Please write out the lines of the data exactly, beginning with the first and ending with the line containing "From when we"; leave the pictures behind.

[Provided data]

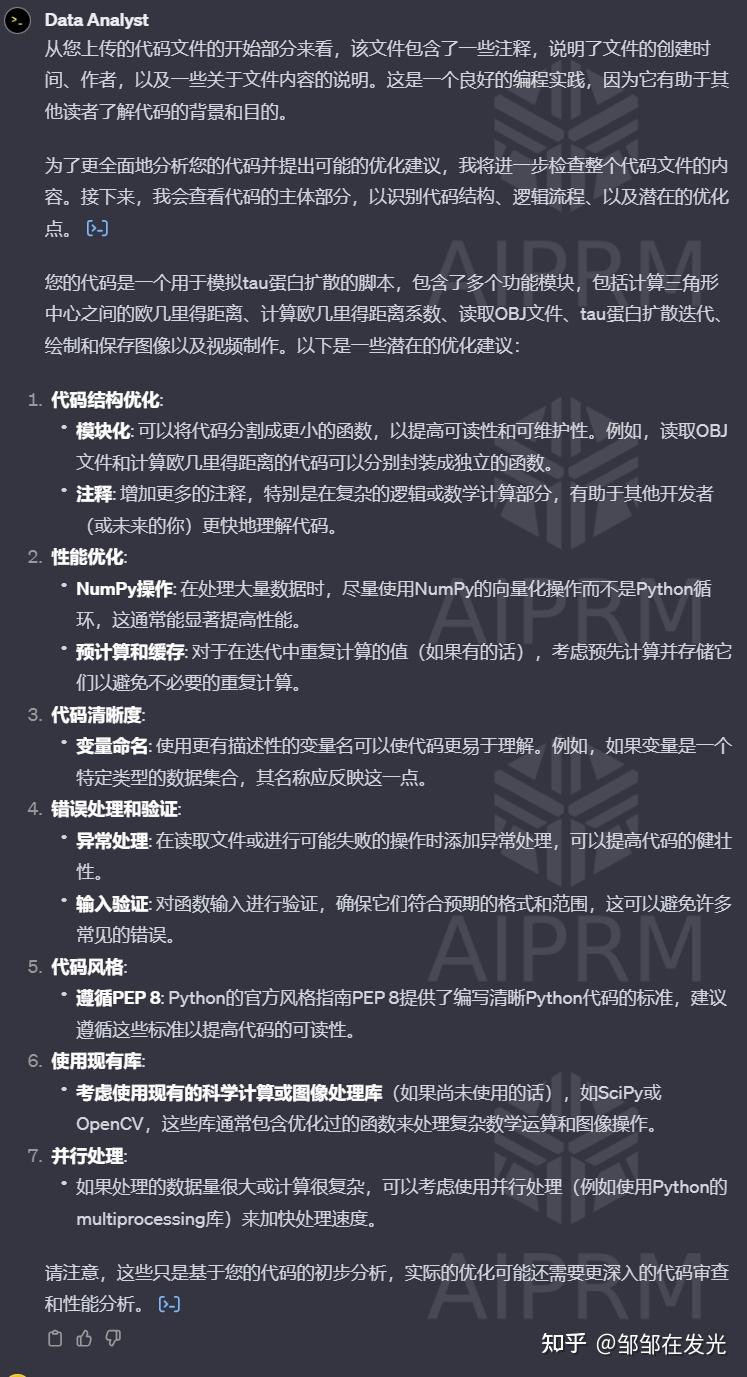 比如我想对整体的代码进行一个再次优化,但是代码过长,自己逐行分析起来很麻烦;就抛给GPT4.0工具箱中自带的 Data Analyst 分析器,它直接给我非常详细合理的方案和解释:
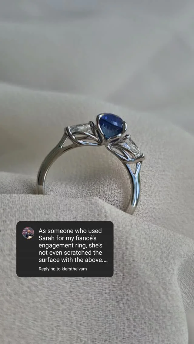From when we first made contact to when we picked up the (beautiful) finished rings, Sarah has been amazing; great communication, a brilliant way of extracting your ideas and making them a reality and an obvious passion when it comes to producing personal and quality jewellery. Very highly recommend and we plan on getting our wedding bands made by her in the near future.
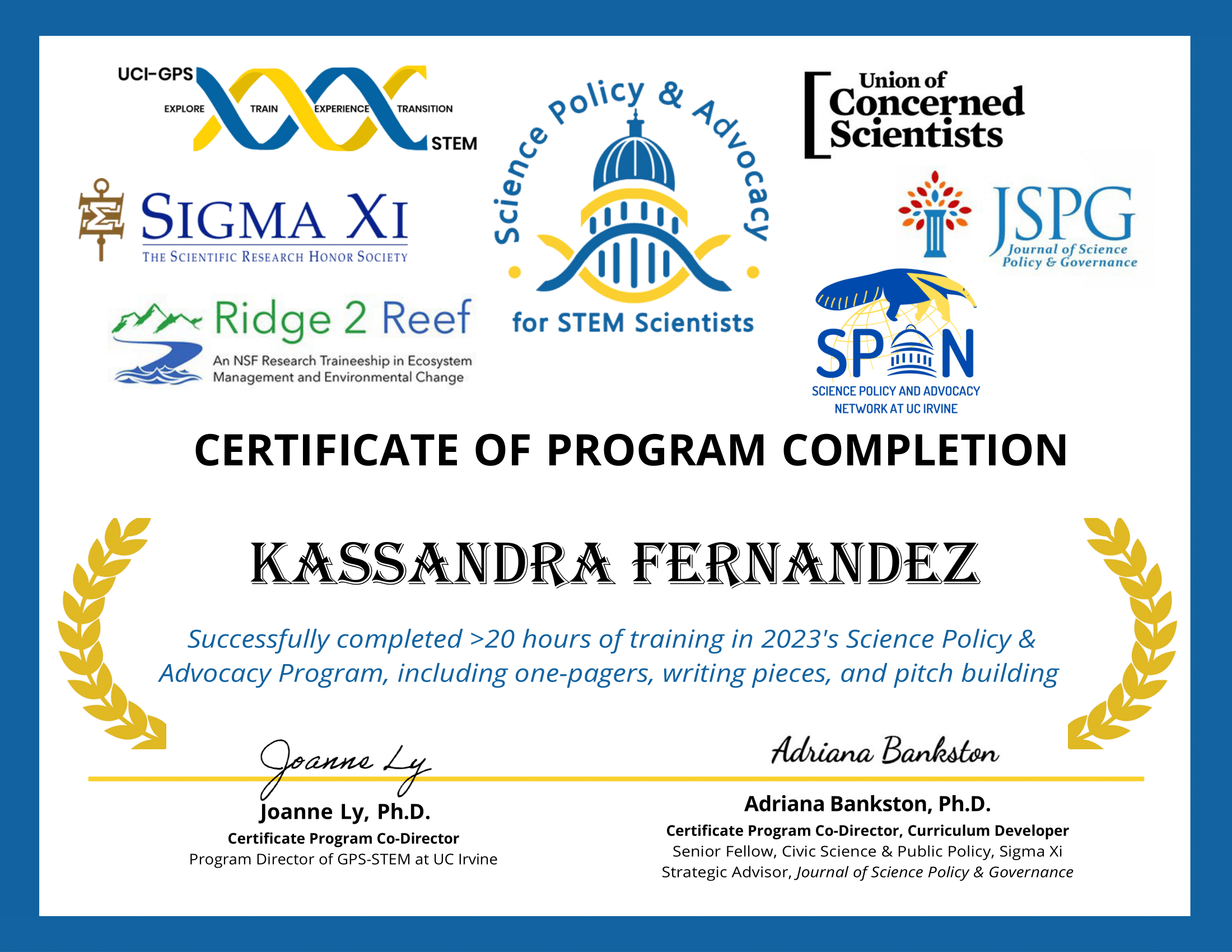 This science policy and advocacy program is offered by the University of California - Irvine (UCI) through their Graduate Professional Success for STEM PhDs and Postdocs initiative. The program is designed to teach STEM PhDs and postdoctoral trainees the essential skills required for a career in science policy. It covers a wide range of topics, including policy development, science communication, and career pathways. Additional topics covered include how to find resources and funding opportunities, and best practices for networking.
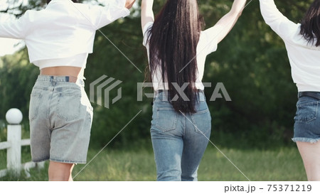Three pretty brunette girlfriends going on the grass holding hands
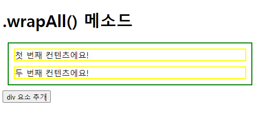 | .wrapAll() | 선택한 모든 요소를 포함하는 새로운 요소를 추가함. |
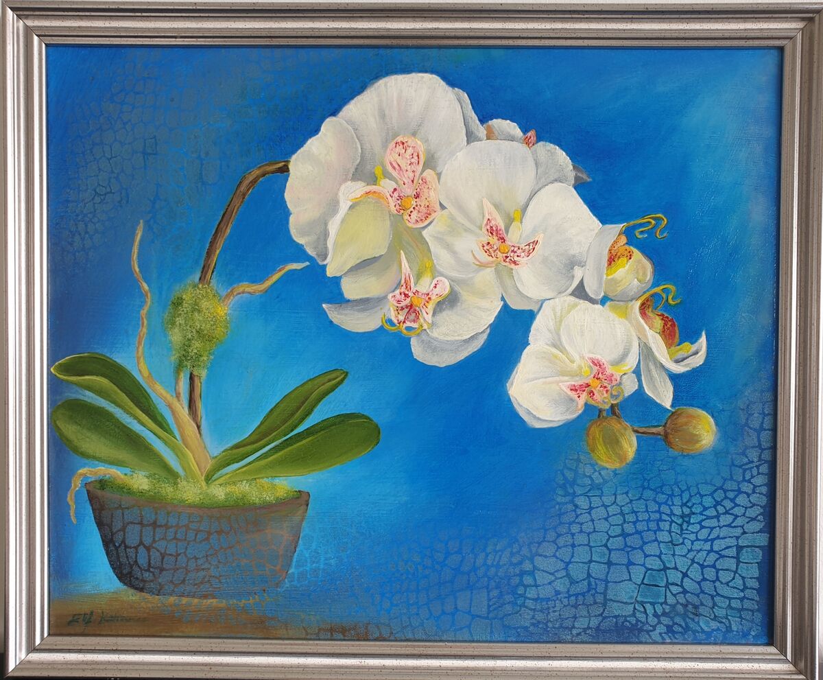 The Birds in the white Orchids. That is oil painting of 41x51cm on a stretched canvas. This is silver coloured framed, with 41x51 cm.
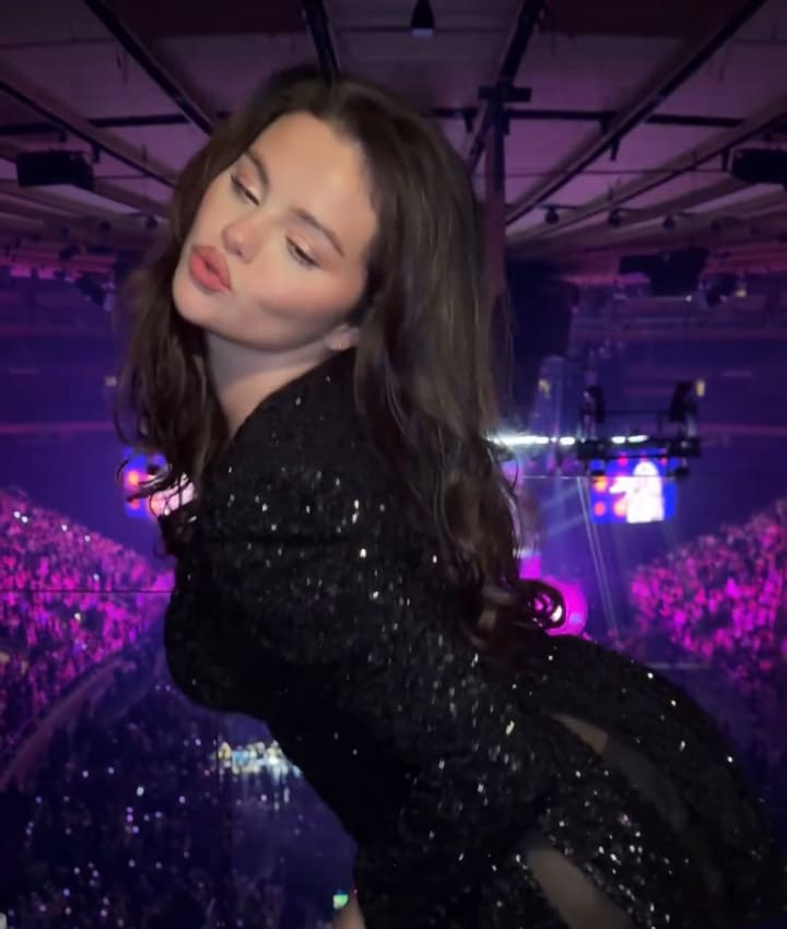 Gomez, 32, was seen enjoying the show from a private box at the famous New York City arena, where she danced and lip-synced to Carpenter’s hits, including "Juno." She looked confident and carefree as she swayed and whipped her hair around, showing off her stylish black outfit and putting her dance skills on full display.

[/Provided data]

▸ **Finished exercise**
 比如我想对整体的代码进行一个再次优化,但是代码过长,自己逐行分析起来很麻烦;就抛给GPT4.0工具箱中自带的 Data Analyst 分析器,它直接给我非常详细合理的方案和解释:
From when we first made contact to when we picked up the (beautiful) finished rings, Sarah has been amazing; great communication, a brilliant way of extracting your ideas and making them a reality and an obvious passion when it comes to producing personal and quality jewellery. Very highly recommend and we plan on getting our wedding bands made by her in the near future.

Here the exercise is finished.